Complex problems require high perception intelligence and a coordinate solution which requires integration of different sets of knowledge and fluency across multiple disciplines: Cognition can happen in many different ways and combinations. A perceptive mind is subjective but can be open enough to embrace other minds’ perception for solving problems collaboratively. The most important capability of the cognitive mind with high perception intelligence is the willingness and ability to seek out knowledge and address our ignorance and assumptions we make to minimize it. Collectively, perception intelligence can be improved via embracing cognitive differences and cultivating the culture of learning and creativity.

In reality, problem-solving in the majority of organizations today is woefully inadequate. Oftentimes, misperception is a common symptom, events and patterns are observed on the surface, and then the action is taken to fix the symptom, but that is too early. It will cause a higher risk of conflict and inertia, not something organizations want in a global business environment that demands innovation and speed. To improve problem solving competency in the emerging 'networked' collaborative organizational forms, understand that everyone plays a "piece of the pie" in collaborative problem-solving. Everyone has a voice and every voice carries weight. Always listen to the two sides of the story. If you stand at the right angle to see both sides, you know even they are different, but both hold part of truth in it. To have this happen reliably requires a bidirectional and reciprocal cycle of feedback, so recognize the real problem-solvers with perception excellence and encourage cross-domain communication and collaboration.
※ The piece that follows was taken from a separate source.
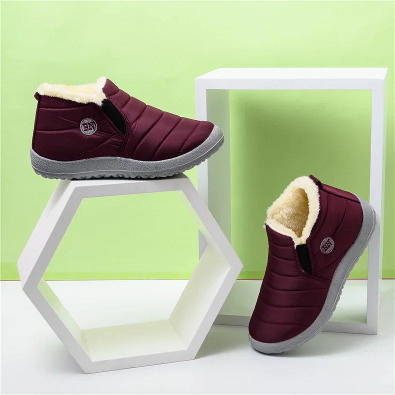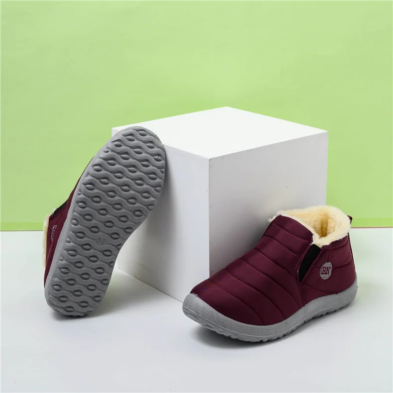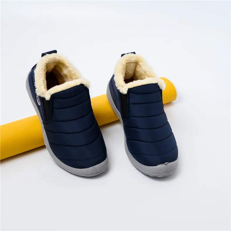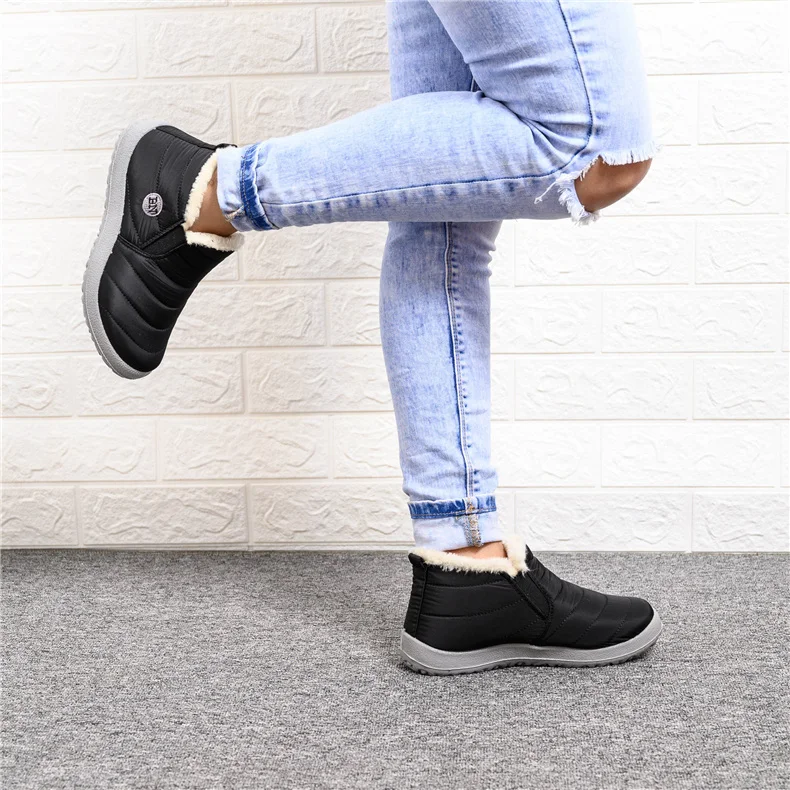Зимние ботинки; Женская спортивная обувь; Теплые плюшевые ботильоны на меху; Зимняя женская обувь без шнуровки на плоской подошве; Прогулочная Водонепроницаемая Ультралегкая обувь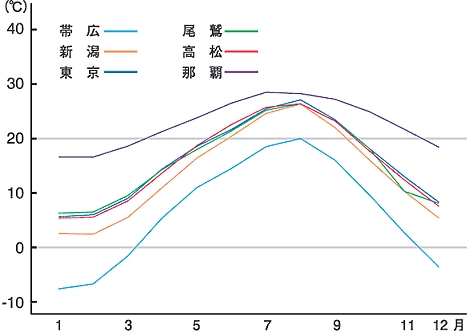 地域の気温差が大きい日本。月によっては、最大25℃近くも差が出るほど気温分布は幅広い。また最近は30℃を超す真夏日も多くなった

We live in a world where change is the norm and we confront a number of high complex problems. It’s a strategic imperative to overcome bias caused by prepositioned perceptions and embrace collective insight in order to frame the right problems and solve them effectively. Change is the new normal, if we don't embrace it, accept it, roll with it, or make it happen, we are outdated. When the collective perception is closer to the perception of the most advanced mind in the world, humans as the whole can accelerate the progress; if the opposite is true, unfortunately, the society still gets stuck in the outdated perception, far behind the digital era we are stepping in. So let real problem-solvers shine and inspire perceptive problem-solving to drive the seamless digital paradigm shift.